You can relate the aforementioned concept of NLP to the existing NLP products from the world's top tech companies, such as Google Assistant from Google, Siri speech assistance from Apple, and so on.

Now you will able to understand the definitions of NLP, which are as follows:

Natural language processing is the ability of computational technologies and/or computational linguistics to process human natural language

Natural language processing is a field of computer science, artificial intelligence, and computational linguistics concerned with the interactions between computers and human (natural) languages

Natural language processing can be defined as the automatic (or semi-automatic) processing of human natural language

What are the other branches involved in building expert systems using, various concepts of NLP? Figure 1.1 is the best way to know how many other branches are involved when you are building an expert system using NLP concepts:

Figure 1.1: NLP concepts

Figures 1.2 and 1.3 convey all the subtopics that are included in every branch given in Figure 1.1:

Figure 1.2: Sub-branches of NLP concepts
Figure 1.3 depicts the rest of the sub-branches:
Figure 1.3: Sub-branches of NLP concepts

How can we build an intelligent system using concepts of NLP? Figure 1.4 is the basic model, which indicates how an expert system can be built for NLP applications. The development life cycle is defined in the following figure:

Figure 1.4: Development life cycle

Let's see some of the details of the development life cycle of NLP-related problems:

If you are solving an NLP problem, you first need to understand the problem statement.

Once you understand your problem statement, think about what kind of data or corpus you need to solve the problem. So, data collection is the basic activity toward solving the problem.

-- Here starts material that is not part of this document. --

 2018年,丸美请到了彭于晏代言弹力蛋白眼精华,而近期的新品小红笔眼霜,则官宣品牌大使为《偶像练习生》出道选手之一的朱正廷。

After you have collected a sufficient amount of data, you can start analyzing your data. What is the quality and quantity of our corpus? According to the quality of the data and your problem statement, you need to do preprocessing.

Once you are done with preprocessing, you need to start with the process of feature engineering. Feature engineering is the most important aspect of NLP and data science related applications. We will be covering feature engineering related aspects in much more detail in

Chapter 5

,

Feature Engineering and NLP Algorithms

and

Chapter 6

,

Advance Feature Engineering and NLP Algorithms.

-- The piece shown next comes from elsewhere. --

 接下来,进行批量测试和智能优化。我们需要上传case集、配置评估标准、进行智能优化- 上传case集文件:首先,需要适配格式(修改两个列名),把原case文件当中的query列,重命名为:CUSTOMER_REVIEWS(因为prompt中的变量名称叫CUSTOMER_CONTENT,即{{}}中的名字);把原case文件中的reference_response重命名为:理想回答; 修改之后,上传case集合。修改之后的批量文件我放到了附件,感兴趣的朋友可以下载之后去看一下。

Having decided on and extracted features from the raw preprocessed data, you are to decide which computational technique is useful to solve your problem statement, for example, do you want to apply machine learning techniques or rule-based techniques?.

Now, depending on what techniques you are going to use, you should ready the feature files that you are going to provide as an input to your decided algorithm.

Run your logic, then generate the output.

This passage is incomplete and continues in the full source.